Cuando lo llamaron a retractarse, no pudo, estaba convencido de lo que decía y pensaba, y que el desdecirse iría en contra de la Palabra. Por eso, a pesar del peligro que corría su vida, su fe lo llevó a arriesgarse.

Nosotros pertenecemos al movimiento de la Reforma, hace casi un año conmemoramos los 500 años con alegría y orgullo de ser protestantes, – aunque no se note demasiado en nuestras vidas, porque somos unos tibios…

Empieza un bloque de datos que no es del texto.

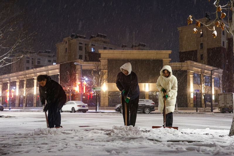 2月4日,連云港再降大雪,云臺農場部分地區積雪嚴重。云臺農場公司黨委迅速反應、精準發力,立即啟動暴雪天氣應急預案,積極組織華泰物業公司,農場社區城管隊、各居委會網格員等形成志愿小組,即刻開展“清除道路積雪 保障通行安全”行動,各單位、部門迎雪而上,全力以赴保障場域居民群眾出行安全。在清雪過程中,采取“人工+機械”方式進行清除,有的在場域內主次干道,使用鏟雪車、撒鹽車,有序配合;有的拿著鐵鍬、掃帚等清雪工具,手動鏟雪,并用盆潑灑融雪劑,清理雪泥積水,清運的隊伍浩浩蕩蕩。冰冷的雪花飄下,刺骨的寒風吹在志愿者的臉上、手上,可志愿者們不顧嚴寒,個個干的熱火朝天,掀起了一波清雪“大作戰”。“小心地滑,大家一定要注意自身安全?!薄靶逼鲁┮欢ㄒ⒁猓P注一下往來的車輛?!敝驹刚叽捩面煤暗馈!拔覀冎幌氡M快保障通暢出行,確保居民們的安全?!敝驹刚唠鴤ゴ謿飧嬖V筆者。志愿者們克服惡劣天氣等不利因素帶來的影響,對場域內公共區域進行連續作業,最大限度保障居民安全出行,不畏嚴寒、不怕辛苦,以昂揚的精神面貌繼續奮戰在除雪保暢一行。

Jesús, en los evangelios, deja claro que quien no está dispuesto a dar su vida, que no lo siga. 

Muchas veces pienso que a pesar de que decimos ser un país cristiano, poco se nota. Mismo en las iglesias que están desbordando de gente, en la vida cotidiana, no hacen la diferencia. Somos tibios, no nos animamos a vivir el Evangelio con el compromiso que Jesús espera.

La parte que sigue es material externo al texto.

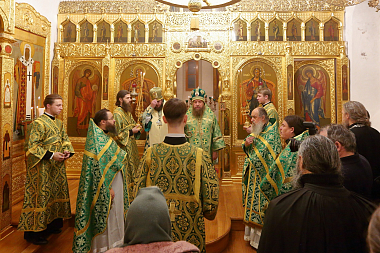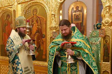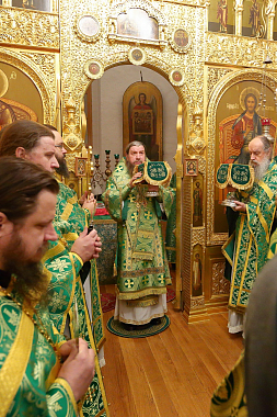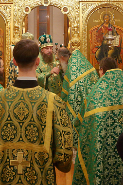 Раннюю Литургию в Никоновском приделе Троицкого собора возглавил митрополит Астраханский и Камызякский Никон, отмечавший сегодня день своего тезоименитства.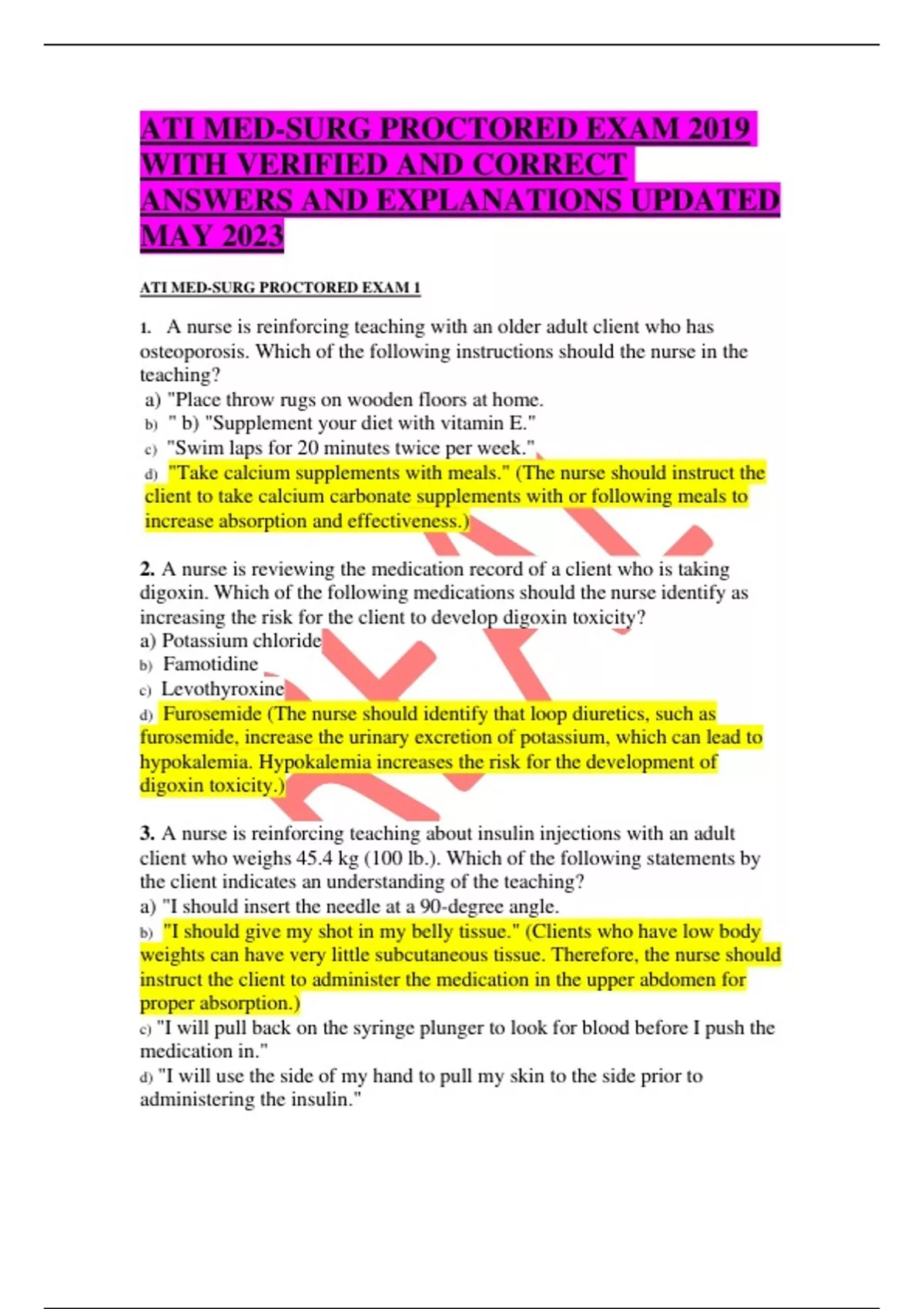 ATI MED-SURG PROCTORED EXAM 2019 WITH VERIFIED AND CORRECT ANSWERS AND EXPLANATIONS UPDATED MAY 2023

Somos apasionados, – pero en el fútbol y en la política: ahí nos encendemos y defendemos lo que creemos que vale la pena…  Pero difícilmente defendamos nuestra fe cristiana de la misma manera. Somos unos tibios…

¿Qué nos indigna? ¿Qué nos hace salir de nosotros mismos para jugarnos el pellejo?

A veces pienso en Lutero y los demás que fueron parte del movimiento de la Reforma, y siento: ¡qué poco quedó de eso!

Tal vez sea el momento de decidirnos si vamos a ser calientes o fríos.